Чепиков оторвал руки от лица.

— Не знаю! Не видел, не знаю! — В голосе его прозвучали истерические нотки.

— Успокойтесь! — строго произнес Коваль. — Скажите, Лагута мог найти ваш пистолет? Вспомните, где вы его потеряли?

— Что Лагута? Зачем мне ваш Лагута?! Вы скажите, кто убил Марусю? — Чепиков снова сжал ладонями виски. — У нее врагов не было. Никому она зла не сделала. Я все это время думаю — кто?! Почему? Я здесь у вас с ума сойду!.. — Чепиков снова оглянулся на стены и, казалось, без всякой последовательности, не ответив на вопрос Коваля, продолжал: — Я каждый день понемногу терял ее. Она уходила от меня, как уходит вода меж пальцев. Я знал, что все это плохо кончится, но не мог ничего поделать.
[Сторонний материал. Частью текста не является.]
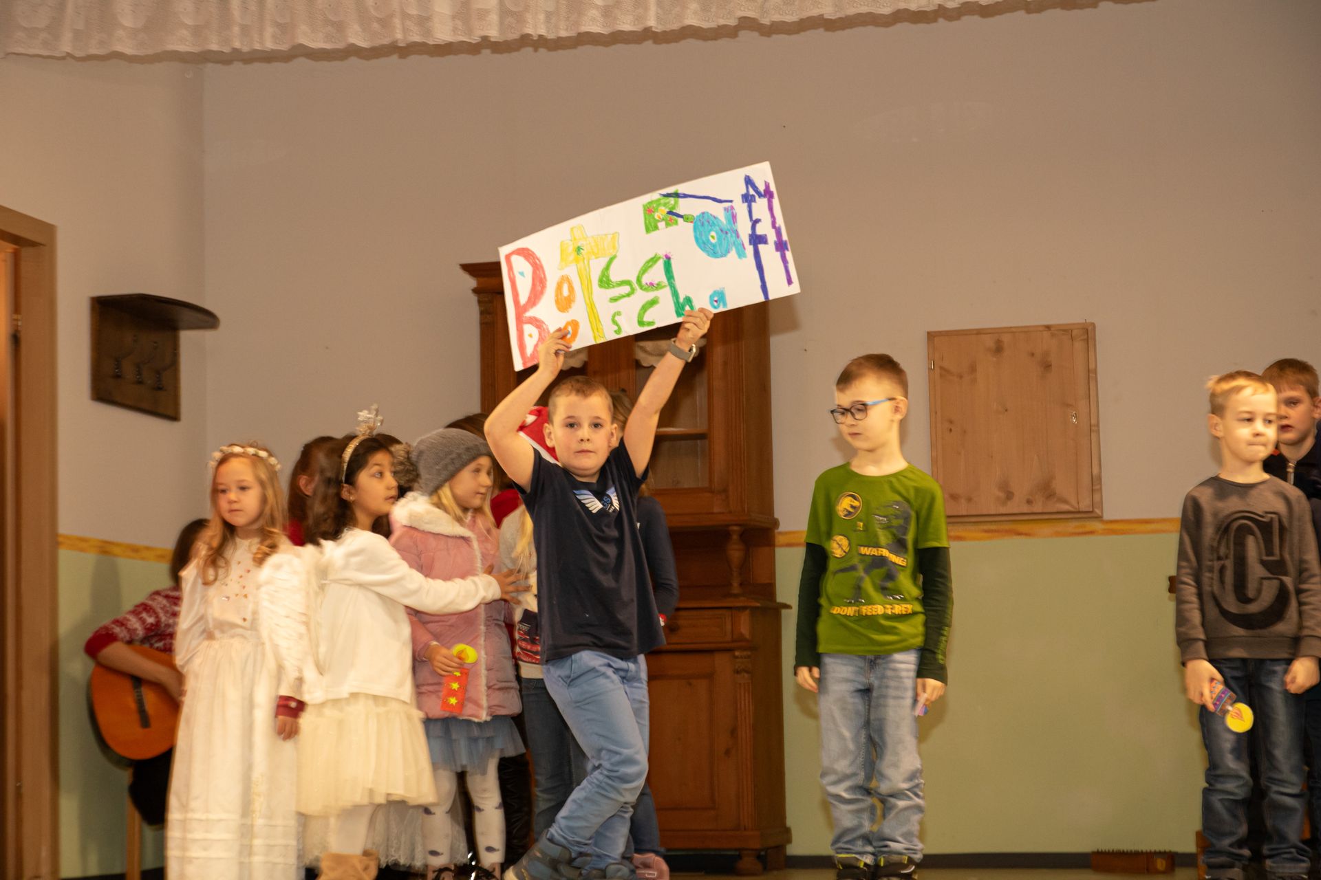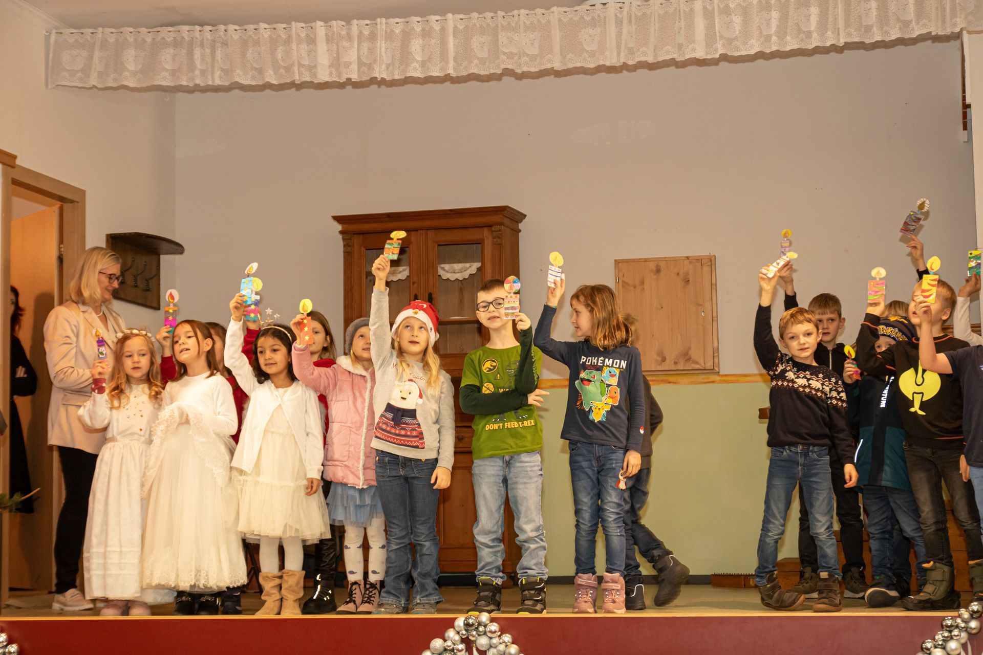 Die Schülerlotsen und Lesepatinnen waren die Ehrengäste der Kinder, sie erhielten als Dank einen selbst gebastelten Krippenanhänger.

Где вам понять это…

Из-за волнения Чепиков начал заикаться.

Коваль не перебивал. Нервная дрожь Чепикова — не страх преступника перед неизбежным наказанием, такое в своей жизни он наблюдал частенько, — а боль глубоко страдающего человека. И это было понятно, особенно если он сам в порыве ревности, в отчаянии выстрелил в жену.

— Я столько просил их… И Марусю, и Степаниду… а они в одну дуду: «Иди к Петру, поклонись, он помолится, чтобы все как у людей, чтобы и у нас было дите…» Это мне-то — к Петру! Вместо него к Ганке повадился… Мне бы еще разок с Марусей поговорить, может, и втолковал бы что. Только теперь соображаю… Виноват я… Понимаете?.. Чепуха какая и этот клок земли, и Степанидино бурчанье, да и сам Петро с его богом Иисусом… Нет мне без Маруси жизни, что я без нее…

Чепиков за последние несколько дней очень осунулся. Морщины на его лице стали еще глубже, уголки рта, казалось, навсегда скорбно опустились, и сидел он неестественно сутулясь, свесив свои крупные, еще сильные руки.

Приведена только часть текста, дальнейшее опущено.